Aaron Bady is awed by Judith Butler’s essay “Violence, Mourning, Politics”:

Let’s face it. We’re undone by each other. And if we’re not, we’re missing something. This seems so clearly the case with grief, but it can be so only because it was already the case with desire. One does not always stay intact.

One may want to, or manage to for a while, but despite one’s best efforts, one is undone, in the face of the other, by the touch, by the scent, by the feel, by the prospect of the touch, by the memory of the feel. And so, when we speak about “my sexuality” or “my gender,” as we do and as we must, we nevertheless mean something complicated that is partially concealed by our usage. As a mode of relation, neither gender nor sexuality is precisely a possession, but, rather, is a mode of being dispossessed, a way of being for another or by virtue of another.

Reagan’s Chat Room

Richard Fisher interviews one of the artists behind The ARPANET Dialogues, an archive of imaginary conversations between politicians, academics and artists "as they could have taken place over ARPANET, the US military computer network that led to the modern internet":

Each of us – and invited guests when necessary – played the part of one of the characters. Without rehearsing, we simply met in an instant messaging chat and had a conversation, letting the discussion go where it may. We trust that the structure of the project is strong enough; we need only capture the flavour of the characters in order for it work. The dialogues are published verbatim without any editing.

Movie Time

Zadie Smith reviews Christian Marclay's The Clock, a "twenty-four-hour movie that tells the time […] by editing together clips of movies in which clocks appear." Smith notes the telltale consistencies:

Staged time obeys certain conventions. Afternoon sex is the sexiest, probably because it often involves prostitutes. Between four and five o’clock transport is significant: trains, cars, and airplanes. If the phone rings after one in the morning do not expect good news. Cuckoo clocks, no matter when they chime, are almost always ominous. When Orson Welles says what time it is, it lends the hour an epic sound. At twoAM everyone’s lonely.

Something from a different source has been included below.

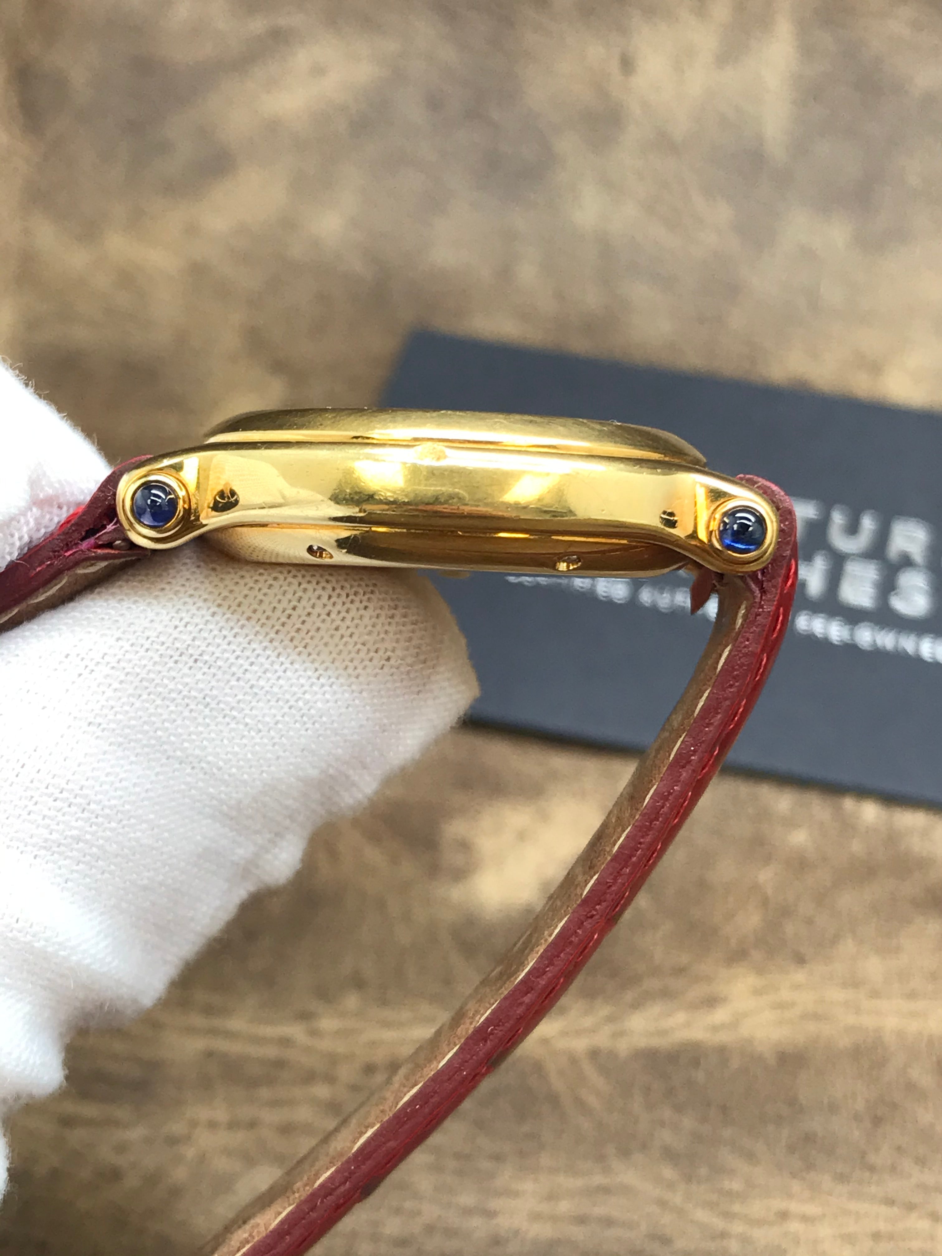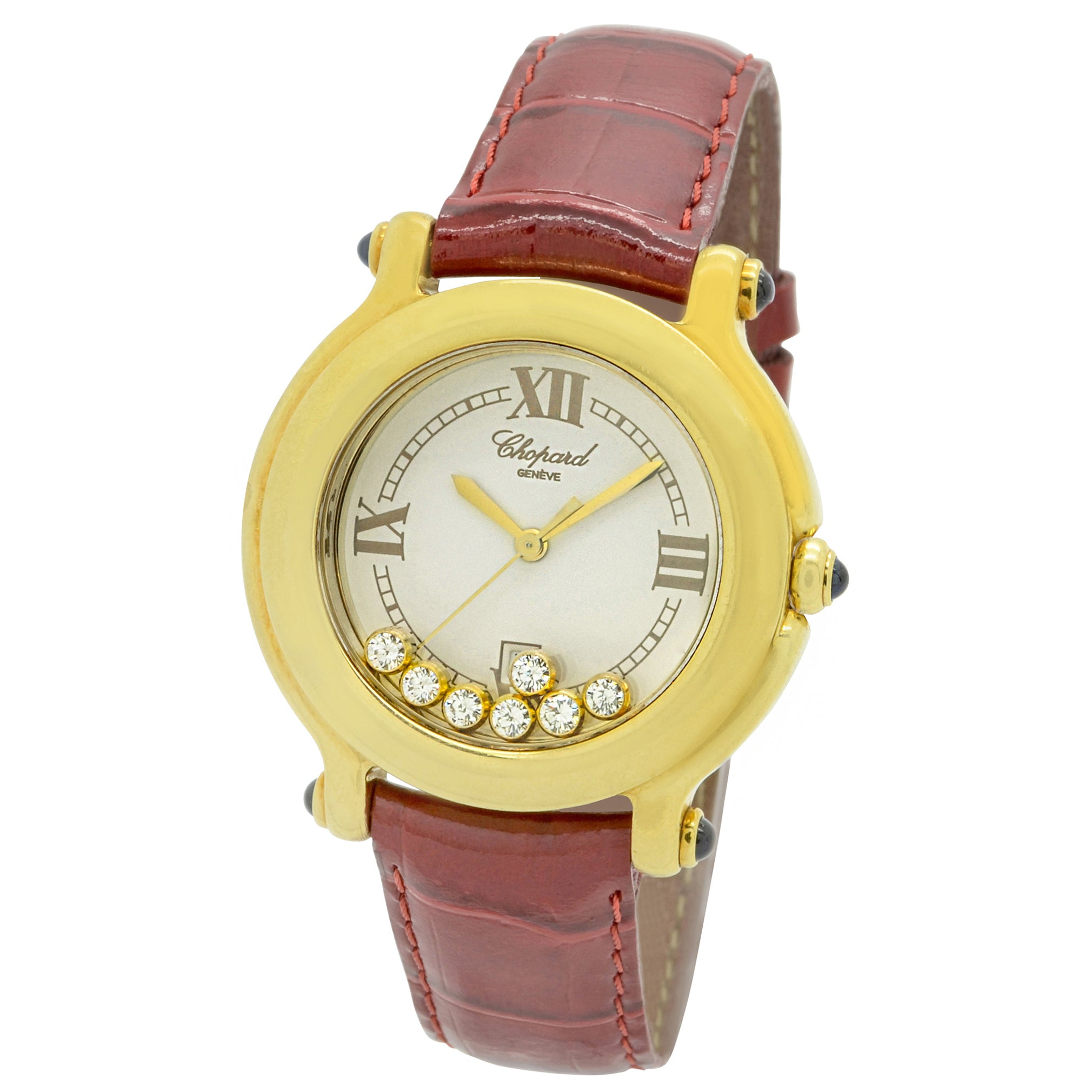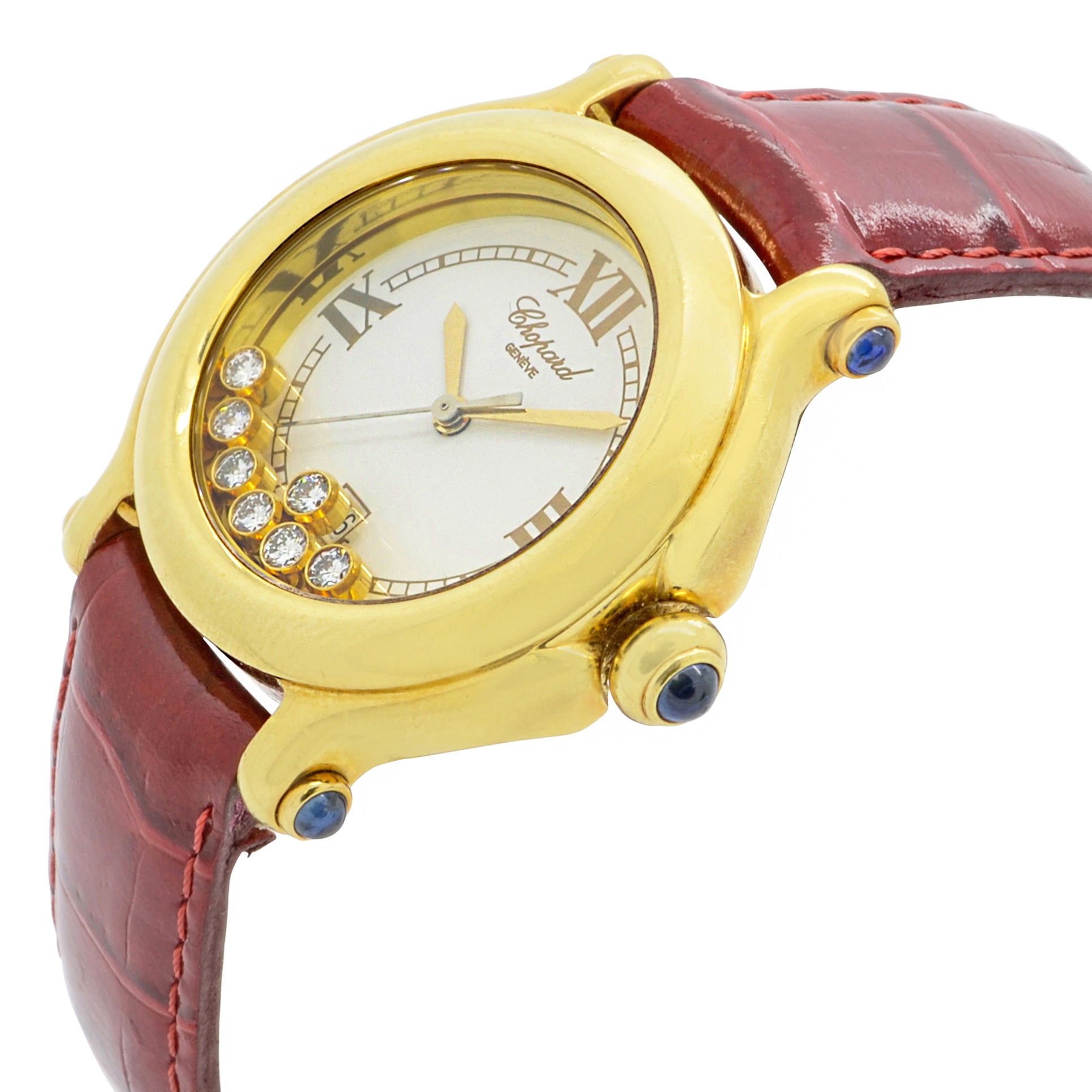 18k yellow gold case with a leather strap. Fixed 18k yellow gold bezel. White dial with gold tone hands and Roman numerals hour markers. Dial type: analog. Quartz movement with about of power reserve. Sapphire crystal. Crown. Solid case back. Case size: 32 mm. Case thickness: mm. Round case shape. Band width: mm. 18k yellow gold tang clasp. Functions: date, hour, minute, seconds. Chopard Happy Sport 27/6144-23 White Dial Quartz Women's Watch.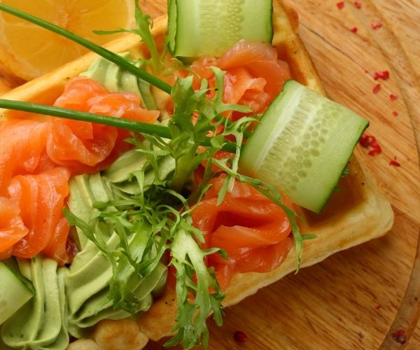 Plat : Gaufre à la Mayonnaise à la Truffe Noire et saumon fumé

… Marclay has made, in essence, a sort of homemade Web engine that collates and cross-references an extraordinary amount of different kinds of information: scenes that have clocks, scenes with clocks in classrooms, with clocks in bars, Johnny Depp films with clocks, women with clocks, children with clocks, clocks on planes, and so on, and so on, and so on. You’re never bored—you haven’t time to be.

All The Lonely Playlists

Anna North soaks up a new study:

Researchers at the University of Pittsburgh School of Medicine studied 106 teens, 46 of whom were clinically depressed, over five weekends, and surveyed them repeatedly on their media use. The kids who listened to the most music were the most likely to be depressed; kids who read the most were the least likely. …

I don't think art's highest goal is to make us happy — my music library is so dripping with misery that it sounds like a party mix for a funeral. But I do think that for people who feel confused by and isolated from humanity — that is, teenagers — there's something to be said for reading. David Foster Wallace famously said that writing should make people "become less alone inside." And while sometimes you want to revel in your alienation, sometimes a little literary companionship is exactly what you need.